Efficacy and Safety of Low-Dose Colchicine after Myocardial Infarction
- PMID: 31733140
- DOI: 10.1056/NEJMoa1912388
Efficacy and Safety of Low-Dose Colchicine after Myocardial Infarction
Abstract
Background: Experimental and clinical evidence supports the role of inflammation in atherosclerosis and its complications. Colchicine is an orally administered, potent antiinflammatory medication that is indicated for the treatment of gout and pericarditis.
Methods: We performed a randomized, double-blind trial involving patients recruited within 30 days after a myocardial infarction. The patients were randomly assigned to receive either low-dose colchicine (0.5 mg once daily) or placebo. The primary efficacy end point was a composite of death from cardiovascular causes, resuscitated cardiac arrest, myocardial infarction, stroke, or urgent hospitalization for angina leading to coronary revascularization. The components of the primary end point and safety were also assessed.

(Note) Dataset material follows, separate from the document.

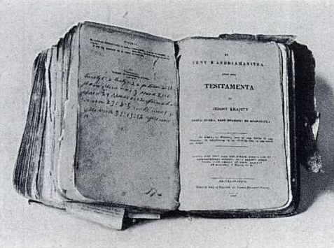 에티엔 드 플라쿠르는 최초로 종교 텍스트의 이중 언어 번역을 하였고,[26] 이 언어의 최초 사전 또한 출판했다.[27] 메리나 왕조의 라다마 1세는 아랍-말라가시 전통에 정통했지만,[28] 1823년에 데이비드 존스가 만든 라틴 문자 시스템을 선택하고 런던 선교회가 학교와 교회를 설립하도록 초청했다. 1835년, 성경이 라틴 문자를 사용하여 마다가스카르 고지대에서 일하는 영국 프로테스탄트 선교사들에 의해 말라가시어로 번역 및 인쇄되었다.[29]
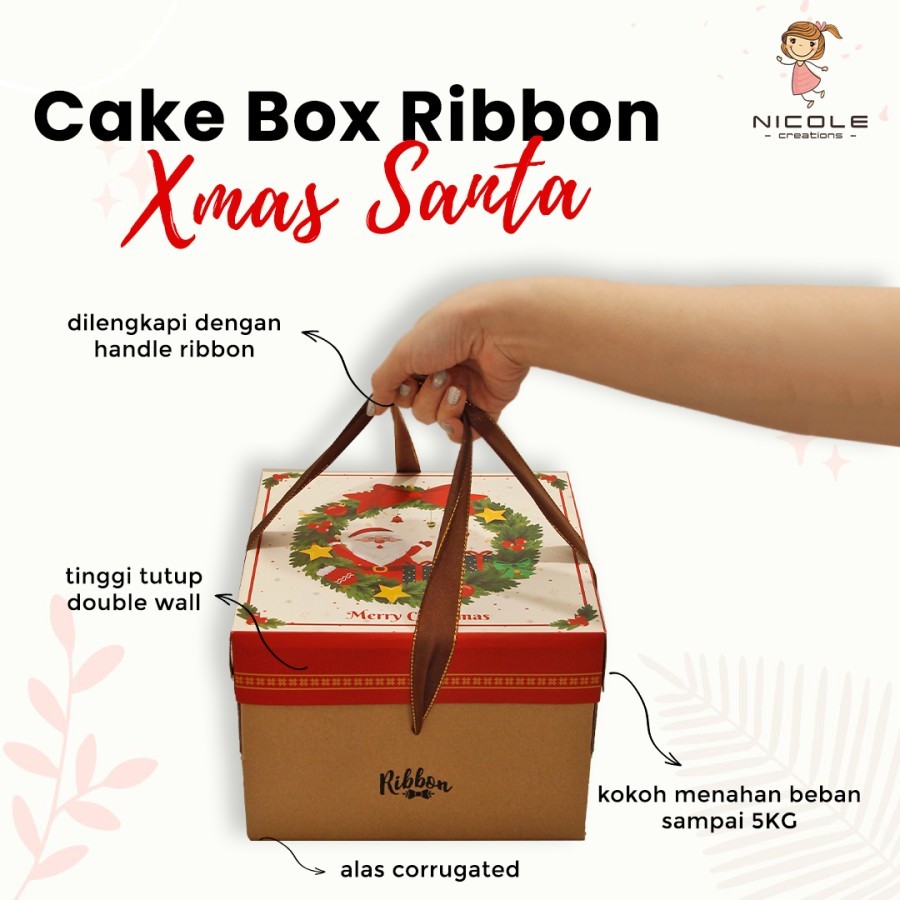 Cake Box Ribbon Xmas Santa / Packaging Kue / Cake Box Christmas

Results: A total of 4745 patients were enrolled; 2366 patients were assigned to the colchicine group, and 2379 to the placebo group. Patients were followed for a median of 22.6 months. The primary end point occurred in 5.5% of the patients in the colchicine group, as compared with 7.1% of those in the placebo group (hazard ratio, 0.77; 95% confidence interval [CI], 0.61 to 0.96; P = 0.02). The hazard ratios were 0.84 (95% CI, 0.46 to 1.52) for death from cardiovascular causes, 0.83 (95% CI, 0.25 to 2.73) for resuscitated cardiac arrest, 0.91 (95% CI, 0.68 to 1.21) for myocardial infarction, 0.26 (95% CI, 0.10 to 0.70) for stroke, and 0.50 (95% CI, 0.31 to 0.81) for urgent hospitalization for angina leading to coronary revascularization. Diarrhea was reported in 9.7% of the patients in the colchicine group and in 8.9% of those in the placebo group (P = 0.35). Pneumonia was reported as a serious adverse event in 0.9% of the patients in the colchicine group and in 0.4% of those in the placebo group (P = 0.03).
Conclusions: Among patients with a recent myocardial infarction, colchicine at a dose of 0.5 mg daily led to a significantly lower risk of ischemic cardiovascular events than placebo. (Funded by the Government of Quebec and others; COLCOT ClinicalTrials.gov number, NCT02551094.).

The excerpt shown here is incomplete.